Norway is closing the laboratories that did the work on which New Zealand's meningococcal B vaccine is based.
The Norwegian Institute of Public Health's internationally respected vaccine research group has been axed because it is too expensive to run.
The group developed the vaccine which has been used as the basis for New Zealand's $200 million immunisation programme.
The New Zealand form of the vaccine, MeNZB, was a variation on the Norwegian vaccine.
A protein in it was changed to specifically combat the strain of meningococcal B bacterium that hit New Zealand in 1981 and has been at epidemic levels for the past 13 years.

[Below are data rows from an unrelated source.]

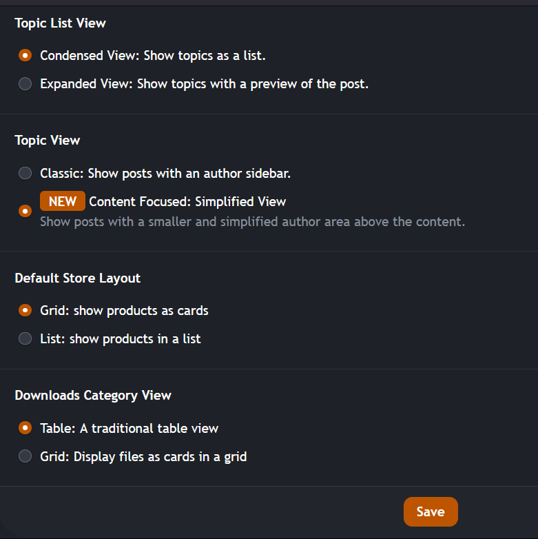 2. That option was under themes but it not there anymore. You can reduce or compress to a smaller avatar in Settings > Content Preferences > Topic View > Show posts with a smaller and simplified author area above content.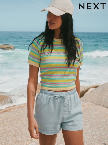Dark Blue Jersey Denim Pull On Elasticated Shorts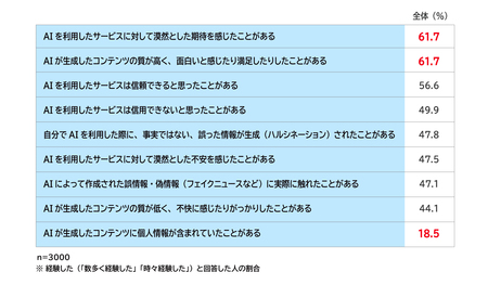 ①AI利用に伴う経験について、「AIを利用したサービスに対して漠然とした期待を感じたことがある」「AIが生成したコンテンツの質が高く、面白いと感じたり満足したりしたことがある」人は、ともに約6割(61.7%)。
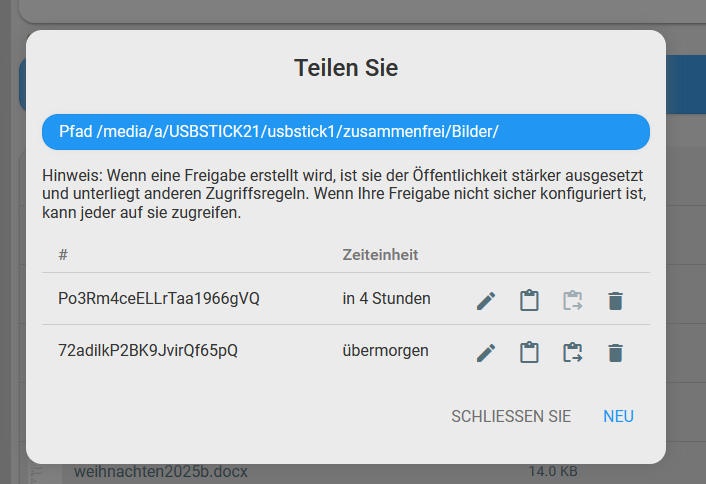 Schön ist, dass es eine „Briefkastenfunktion“ gibt, die nützlich ist für Workshops, Seminare usw. Die Teilnehmer:innen erhalten auf diese Weise einen Freigabelink, mit dem sie Dateien hochladen können, ohne über einen eigenen FileBrowser-Account zu verfügen. Außerdem hat man bei Freigaben die Wahl, ob ein öffentlicher oder ein interner Link erzeugt werden soll. Letzterer ist nur für eingetragene Mit-Benutzer abrufbar.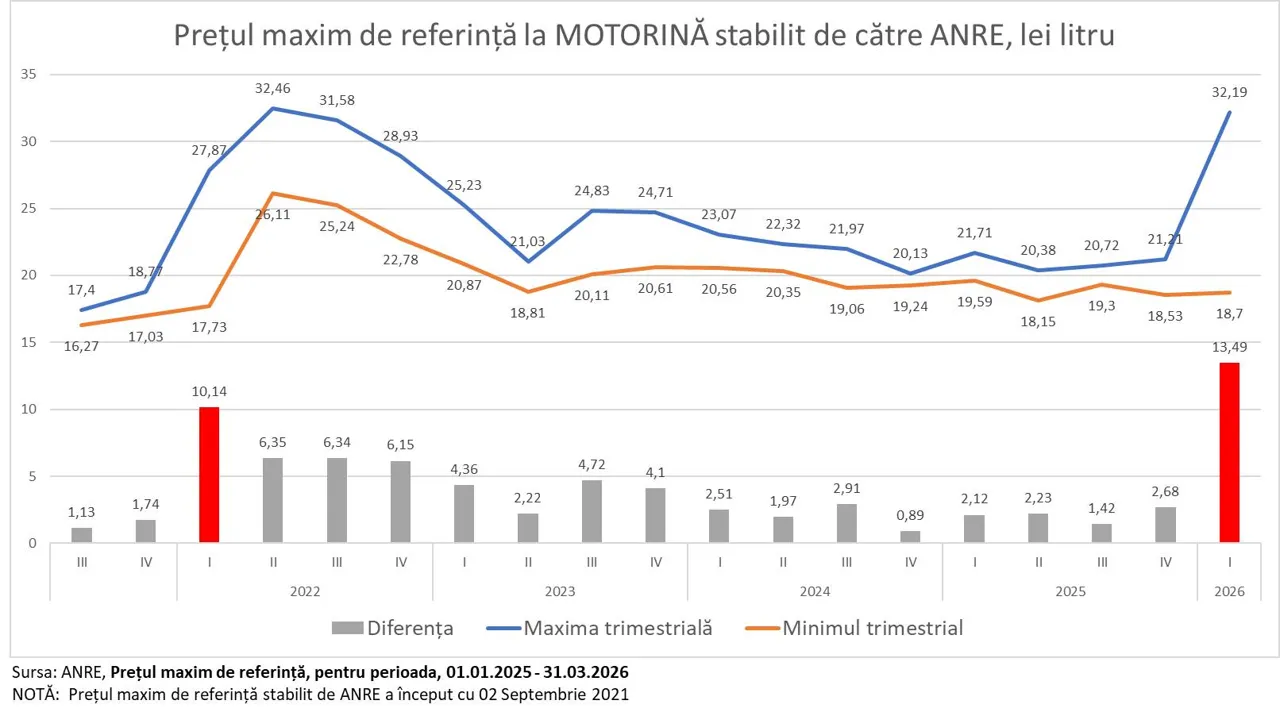 Conform datelor prezentate, în doar trei luni, prețul motorinei a crescut cu 13,49 lei pe litru, depășind precedentul antirecord din 2022 cu 3,35 lei. Chiar dacă, ajustat la inflație, prețul actual nu depășește nivelul real din 2022, expertul atrage atenția că impactul economic este mult mai puternic din cauza vitezei cu care s-au produs scumpirile.

The public health institute (FHI) told an Oslo newspaper, Aftenposten, that it needed to cut costs. It said developing vaccines had become so resource-intensive that few nations could do it alone any more.
"Now the work is done, by and large, by big international concerns," said FHI director Geir Stene-Larsen.
He said these massive firms were not always interested in small countries that provided little commercial reward, and it was for precisely this reason that Norway was left to cope with a meningitis B epidemic alone in the late 1970s.
After about 6000 people fell ill and 500 died, most of them teenagers, FHI researchers created a vaccine.
From 1988 to 1991, 180,000 junior high school students were inoculated and the disease faded away in the course of the 1990s.
The FHI vaccine research group had developed a variant to fight a meningitis epidemic in New Zealand that was far worse than the one Norway faced, senior researcher Einar Rosenqvist told the newspaper.
"We have also made a vaccine for use in Africa," Mr Rosenqvist said. "It can give long-term protection against cerebrospinal meningitis.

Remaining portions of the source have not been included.